According to the American Morgan Stanley investment bank (MS), in the case of Brexit the euro would be within the range of 4.60-4.65 at the end of the year. Moreover, the MS economists claim in their report from June 16th that the EUR/USD, as well as the EUR/CHF will decrease to 1.00-1.05 and 1.02-1.05, respectively, at that time. When calculating exchange rate of the franc, as well as the dollar against the zloty based on the above estimations, we receive 4.38-4.56 for the Swiss currency, and 4.38-4.65 for the American currency.
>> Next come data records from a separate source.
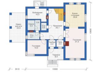 Особенностью этого проекта является наличие сауны, которая позволяет создать атмосферу полного релакса и уюта. Кроме того, дом предлагает четыре просторные спальни, что делает его идеальным для большой семьи или гостеприимного приема гостей.
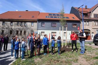 Zur Pflanzaktion, die von der Stadt organisiert und von Victorias Heimatverein SC Motor Zella-Mehlis unterstützt wurde, waren viele Interessierte gekommen. Sie wollten natürlich gern die Spitzensportlerin sehen und viele fanden auch Gelegenheit, ein persönliches Wort mit ihr zu wechseln. Victoria nutzte die Gelegenheit und bedankte sich bei allen, die sie unterstützt haben - insbesondere bei ihren Eltern und beim SC Motor, wo sie schon als Kindergartenkind mit dem Training begonnen hatte.
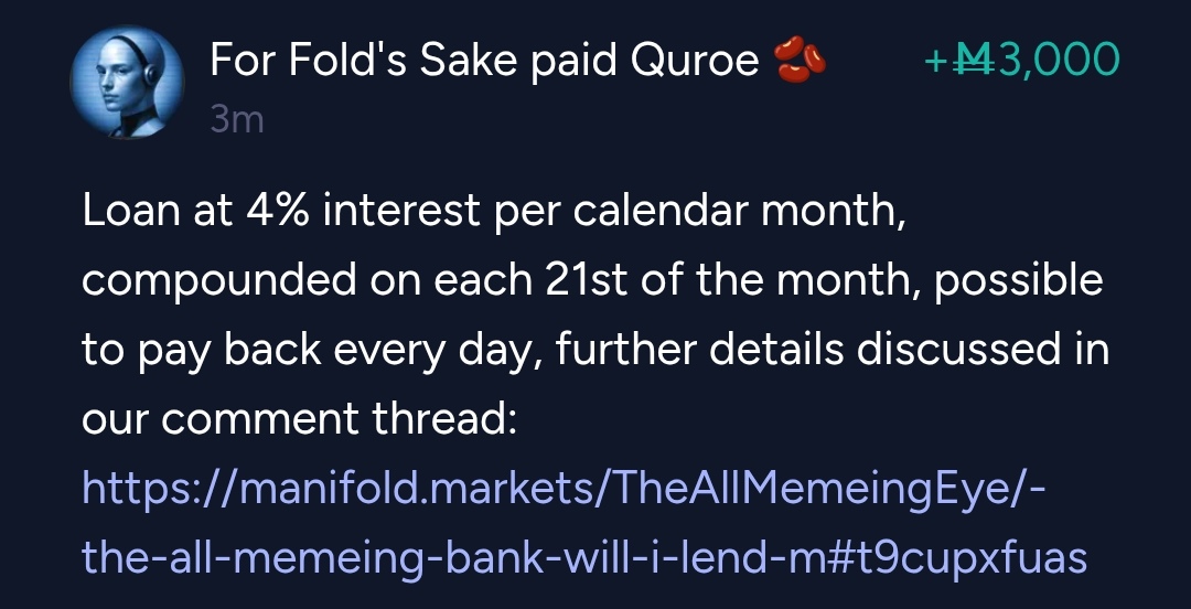 If you would like a loan, please leave a comment, and I will hopefully respond within a day or two. Initially, I may only offer much smaller loans than others (e.g. 100 mana) to build up lender trust, but I'm usually willing to take a lower interest rate, and the loan size offered may significantly increase as trust improves.
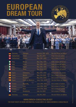 … Persönlichkeitsentwicklung startet die European Dream Tour 2025 von Dr. Martin Emrich. Den Auftakt bildet am 16. Februar 2025 ein exklusiver Workshop am Flughafen Stuttgart. Teilnehmer:innen haben die einmalige Gelegenheit, das von Dr. Emrich entwickelte „DREAM“-Modell hautnah zu erleben und direkt für ihre persönliche und berufliche Entwicklung anzuwenden.DREAM – Die fünf Prinzipien für ein erfolgreiches LebenDas „DREAM“-Modell steht für fünf essenzielle Strategien, die Menschen dabei helfen, ihre Ziele zu erreichen und ein erfülltes Leben zu führen. …
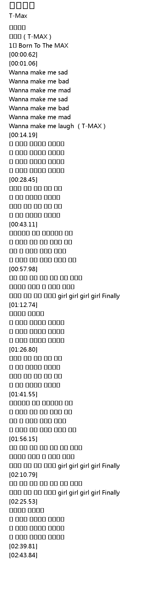 | [00:12.35] | Wanna make me laugh (T-MAX) |

Even though the above estimations can be currently interpreted as quite pessimistic, it is worth noticing that approximately 15% changes in the currencies within six months were nothing unusual in the past years. Moreover, as it appears in the past few days, the zloty is basically a hostage of the Brexit anxieties. Thus, if the United Kingdom leaves the EU, the Polish currency will probably be under large pressure of sellers. Therefore, the Morgan Stanley scenario has a big chance to become valid.